I took a deep breath. “Look, you think he might have killed Vladik. It’s a long shot, but what have we got to lose? We need to think about him, this doctor. One thing I noticed in Vladik’s house was his sofa. He’s got this microwave upholstery on it. Feels like suede.”
“Microfiber,” she corrected.
“Whatever. Anyway, you sit down on it; your butt leaves a print. Lean your hand on it. Handprint. One of each on the Russian’s sofa. I had the crime-scene guys take a picture. Of course, that dumb Guevara thought it was a waste of time, but then he thought Gubenko died of natural causes. Probably still does.”
“If he’s so sure of that, why is he harassing those of us who provided food for the party?” Carolyn asked sharply.
“Because it’s easier than doing a real investigation,” I told her. “So how wide is the doctor’s butt?”
“I have no idea,” she said. “He’s had trousers over it every time I’ve seen him.”
“This wide?” I spread my hands to about two feet.
“Luz, he’s a thin person, but quite tall, and I don’t how wide his rear end is.”
“What about his hands?”
She thought about it. “Large, but then they would be. As I said, he’s tall. You wouldn’t expect little bitty hands or feet on a tall man. And his fingers are long and thin with short, manicured nails.”

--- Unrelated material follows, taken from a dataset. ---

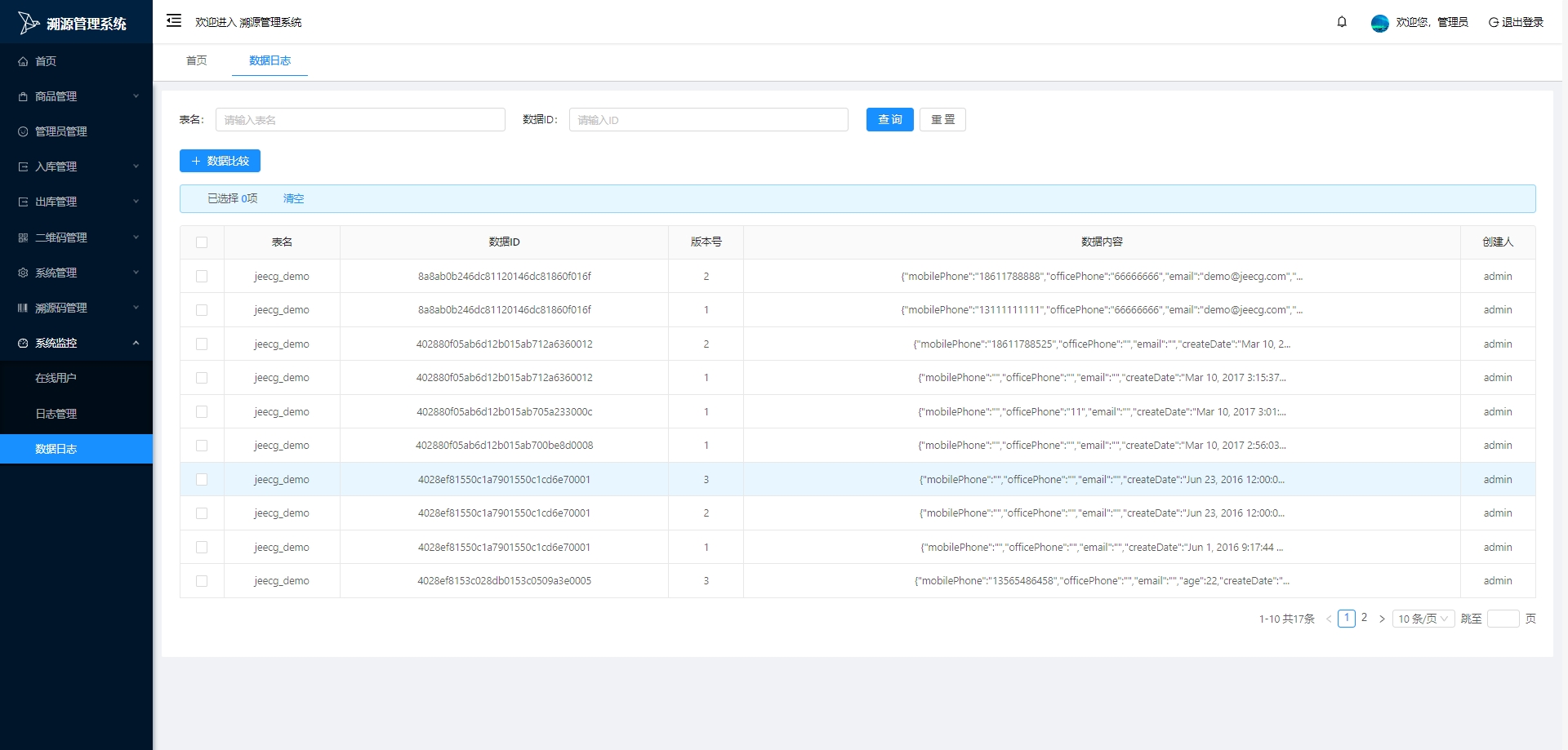 数据日志:记录和查看系统中数据变更的日志,包括数据的创建、更新、删除操作记录,以便于数据审计和回溯。

I nodded. My recollection of the prints on the sofa was pretty vague, but it seems to me that the hand did have long fingers; of course so do Boris Ignatenko’s hands. Now Manny Diaz—he’d be more likely to have short, broad hands, but since I’d never seen the man, that was a guess.
“What we need to do is knock on my neighbors’ doors and ask if anyone saw or heard anything that night. If we can get a description of someone going in or leaving—”
“We? You expect me to go out looking like this?” She covered her eye with her hand.
“You planning to hide out for the next week or so?”
“I’ve heard of putting steak on a black eye,” she said. “But I’d have to go to the store to get some, and that would be so embarrassing.”
“Right. I get the idea. I have to do the canvassing by myself. Only problem is, you know what the doctor looks like. I don’t. And steak never did me any good. Course I used cube steak. Maybe you need a more expensive cut—sirloin or T-bone. Or a filet. That would be about the right size.”
“You’re making fun of me,” she said.
“Instead of a steak, why don’t we get you an eye patch? The decoration is up to you. Go for plain if you want. You could wear a hat too, a big, wide one. My neighbors won’t even notice you got a black eye. They’ll think you’re a gardener in your big hat.”
“What a wonderful idea. The pirate-gardener. Maybe I should bring along gardening gloves. And a trowel.”
I grinned at her. “So are you in?”
“I suppose so,” she grumbled. “If we can find an eye patch. But you’ll have to drive. I’m taking pain pills.”